Omit the pictures and retype only the lines from the one containing "en multi £ 69,95" through the end of the listing, both ends included.

MATERIAL TO PROCESS START

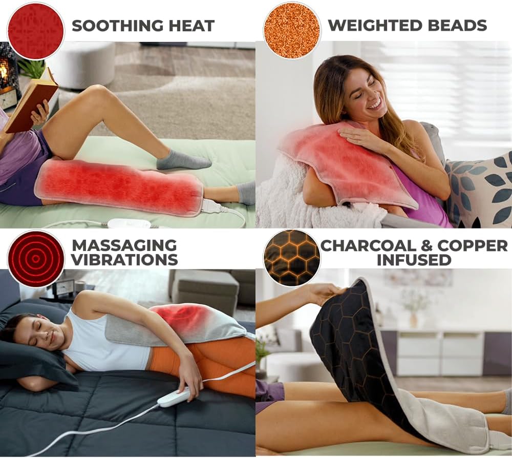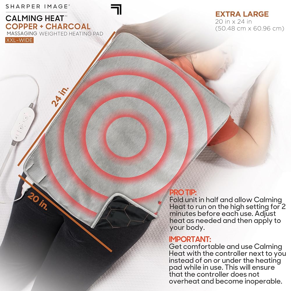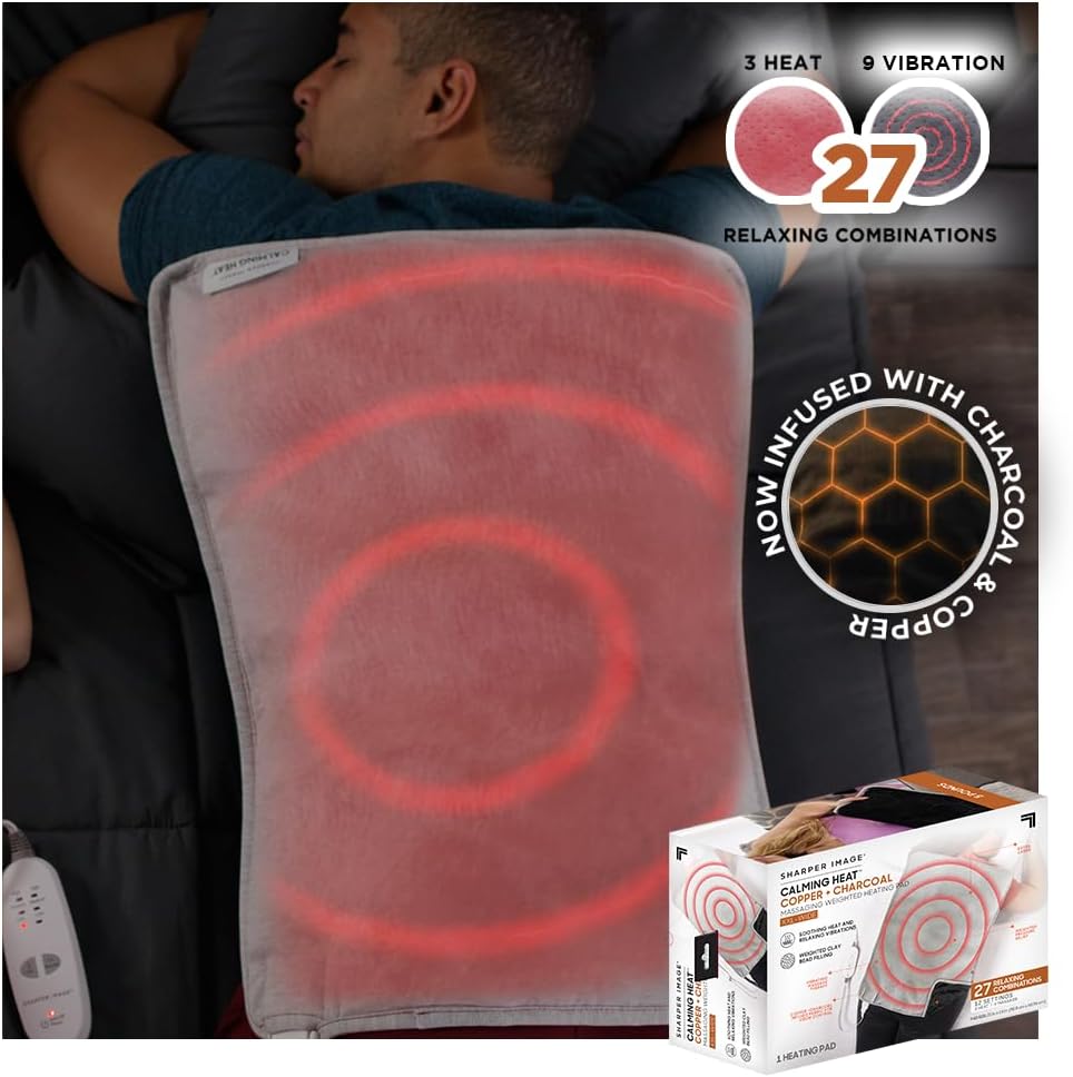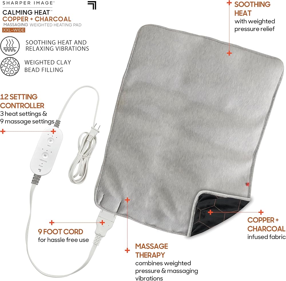 WEIGHTED CLAY BEAD FILLING Calming Heat Copper + Charcoal Weighted Heating Contour Pad's high-density comfort fill provides the perfect amount of pressure which provides deep penetrating relief when combined with soothing heat and relaxing vibrations. The 5 pound weighted design provides targeted heat therapy to your joints and muscles, helping to ease aches and pains.
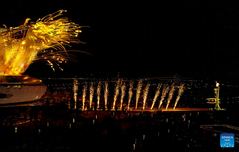 Fireworks are seen during the opening ceremony of the 31st FISU Summer World University Games in Chengdu, southwest China's Sichuan Province, July 28, 2023. (Xinhua/Jinmei Duoji)
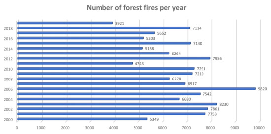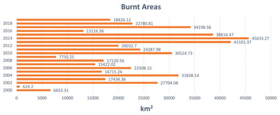 More specifically, the cluster connections shows Canada has a huge impact. According to Figure 4, whose data were taken from the platform Statista (https://www.statista.com/ (accessed on 31 July 2021)), this great impact on Canada is due to the great forest fires issue Canada is facing for decades. The average number of wildfires in Canada is 6704 fires per year, bringing the total number of wildfires in the last two decades to 134,082. Figure 5, whose data were also taken from Statista, shows the number of burned areas by forest fires. It is clear that Canada has been facing a major fire problem for many years and its contribution to solving this problem through the UAVs and Computer Vision is huge. In addition, Greece, Cyprus and Spain are suffering from deforestation through wildfires.
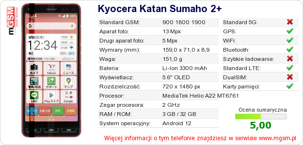 Dane telefonu Kyocera Katan Sumaho 2+ na Twojej stronie
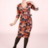 • Topvintage exclusive ~ Kamila floral pencil jurk in zwart en multi £ 69,95
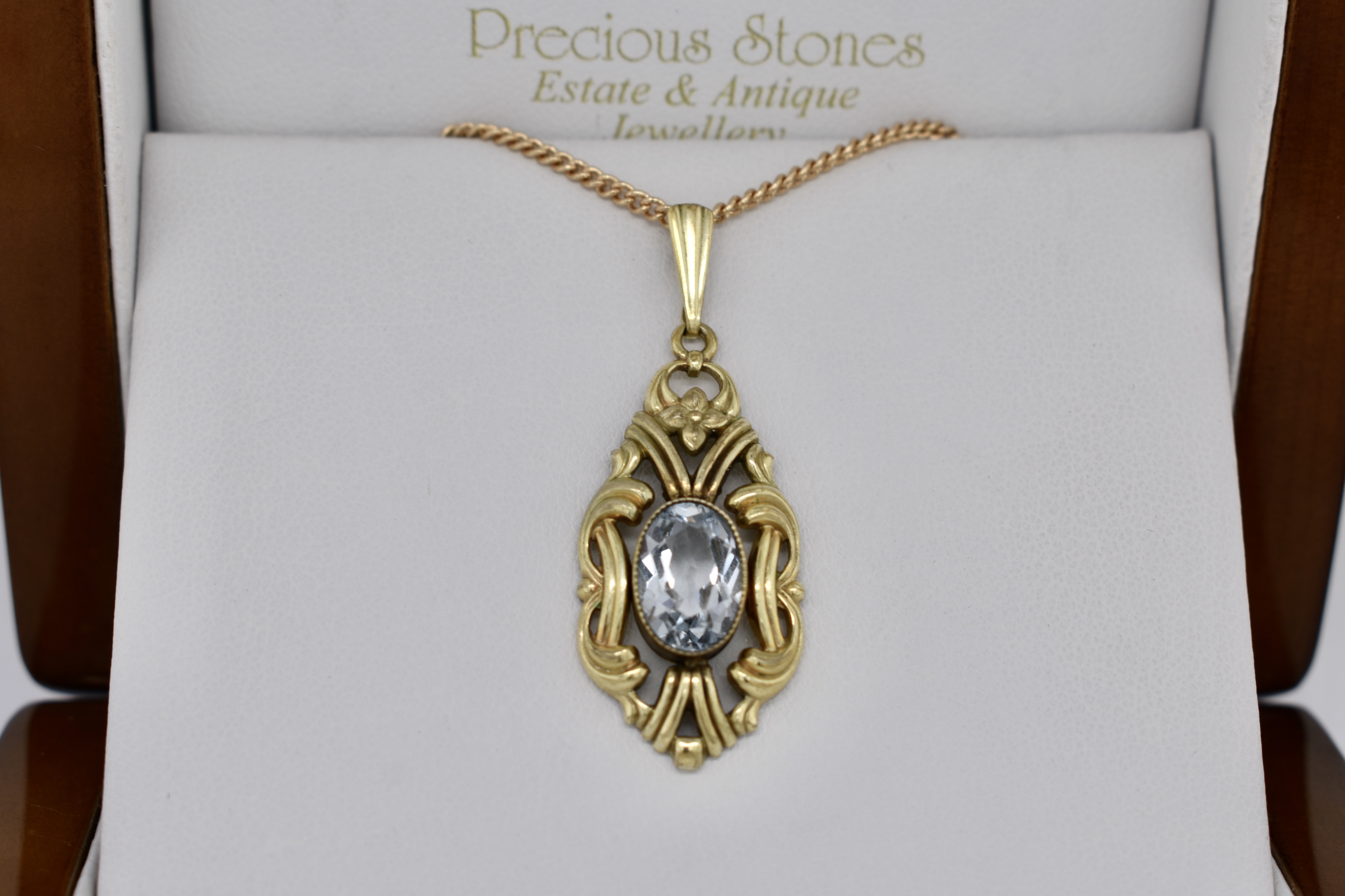 SOLD Antique 9ct Yellow Gold Aquamarine & Seed Pearl Pendant C.1915
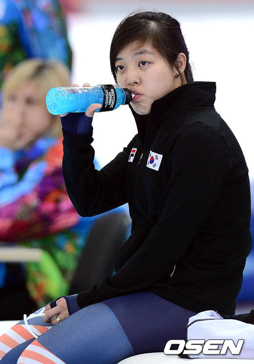 김보름이 경기를 마치고 음료를 마시며 기록을 살피고 있다 ./ soul1014@osen.co.kr
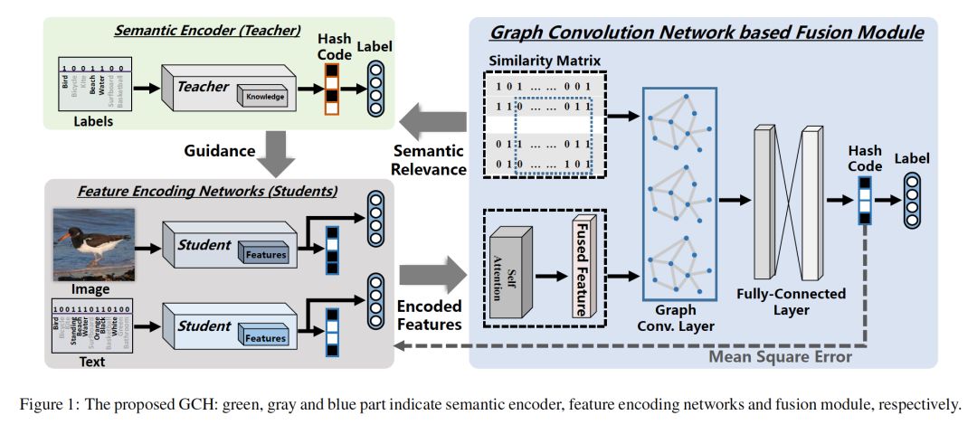 摘要:基于深度网络的跨模态检索近年来取得了显著的进展。然而,弥补模态差异,进一步提高检索精度仍然是一个关键的瓶颈。本文提出了一种图卷积哈希(GCH)方法,该方法通过关联图学习模态统一的二进制码。一个端到端深度体系结构由三个主要组件构成:语义编码模块、两个特征编码网络和一个图卷积网络(GCN)。我们设计了一个语义编码器作为教师模块来指导特征编码过程,即学生模块,用于语义信息的挖掘。此外,利用GCN研究数据点之间的内在相似性结构,有助于产生有区别的哈希码。在三个基准数据集上的大量实验表明,所提出的GCH方法优于最先进的方法。
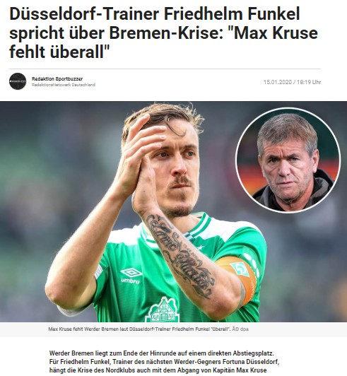 Bundesliga'da Werder Bremen ile karşılaşacak olan Fortuna Düsseldorf'ta teknik direktör Funkel, maç öncesi basın toplantısında Max Kruse hakkında sorulan soruya yanıt verdi. Funkel, Max Kruse'un Werder Bremen için önemine değinirken, "Takım arkadaşlarına sahip çıkan bir isimdi. Genç futbolcular onun gölgesinde olgunlaştı, takım arkadaşları için medyada da her zaman koruyucu bir kalkan gibiydi. Neredeyse tüm takımın hayatını şekillendiriyordu. Bremen için her anlamda kayıp oldu" dedi.
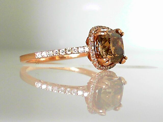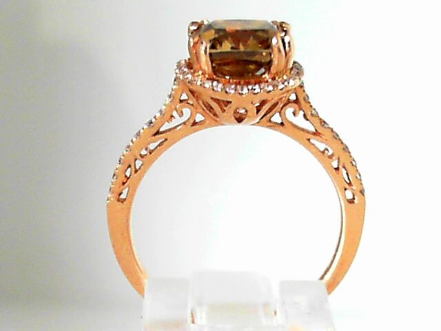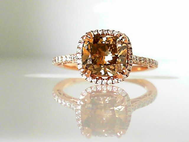 Lady’s Rose Polished 14 Karat Cushion Halo Engagement Ring Size 6 With One 2.12Ct Cushion Si2 Cognac Diamond And 50=0.24Tw Round G/H Si2 Diamonds Gram Wt: 2.71
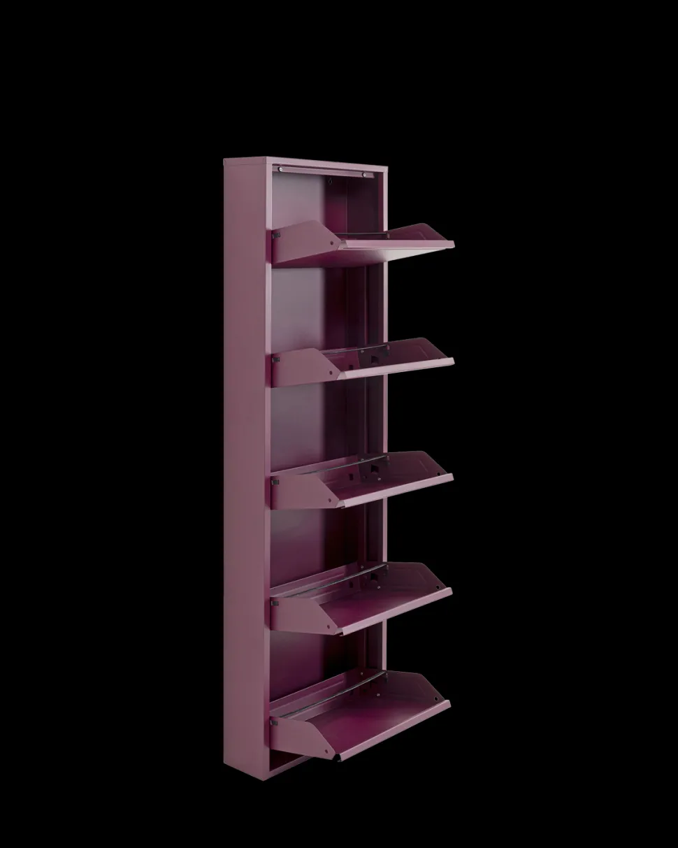 Caruso skoskab – 5 låger i lilla metal. Slankt skoskab til pladsbesparende opbevaring.
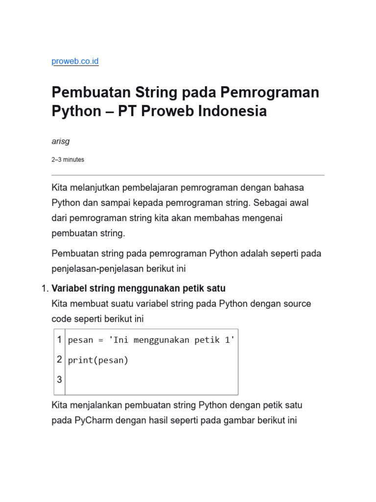 Pembuatan String Pada Pemrograman Python | PDF | Teknologi & Rekayasa

MATERIAL TO PROCESS END

**ANSWER SECTION:**
 • Topvintage exclusive ~ Kamila floral pencil jurk in zwart en multi £ 69,95
 SOLD Antique 9ct Yellow Gold Aquamarine & Seed Pearl Pendant C.1915
 김보름이 경기를 마치고 음료를 마시며 기록을 살피고 있다 ./ soul1014@osen.co.kr
 摘要:基于深度网络的跨模态检索近年来取得了显著的进展。然而,弥补模态差异,进一步提高检索精度仍然是一个关键的瓶颈。本文提出了一种图卷积哈希(GCH)方法,该方法通过关联图学习模态统一的二进制码。一个端到端深度体系结构由三个主要组件构成:语义编码模块、两个特征编码网络和一个图卷积网络(GCN)。我们设计了一个语义编码器作为教师模块来指导特征编码过程,即学生模块,用于语义信息的挖掘。此外,利用GCN研究数据点之间的内在相似性结构,有助于产生有区别的哈希码。在三个基准数据集上的大量实验表明,所提出的GCH方法优于最先进的方法。
 Bundesliga'da Werder Bremen ile karşılaşacak olan Fortuna Düsseldorf'ta teknik direktör Funkel, maç öncesi basın toplantısında Max Kruse hakkında sorulan soruya yanıt verdi. Funkel, Max Kruse'un Werder Bremen için önemine değinirken, "Takım arkadaşlarına sahip çıkan bir isimdi. Genç futbolcular onun gölgesinde olgunlaştı, takım arkadaşları için medyada da her zaman koruyucu bir kalkan gibiydi. Neredeyse tüm takımın hayatını şekillendiriyordu. Bremen için her anlamda kayıp oldu" dedi.
 Lady’s Rose Polished 14 Karat Cushion Halo Engagement Ring Size 6 With One 2.12Ct Cushion Si2 Cognac Diamond And 50=0.24Tw Round G/H Si2 Diamonds Gram Wt: 2.71
 Caruso skoskab – 5 låger i lilla metal. Slankt skoskab til pladsbesparende opbevaring.
 Pembuatan String Pada Pemrograman Python | PDF | Teknologi & Rekayasa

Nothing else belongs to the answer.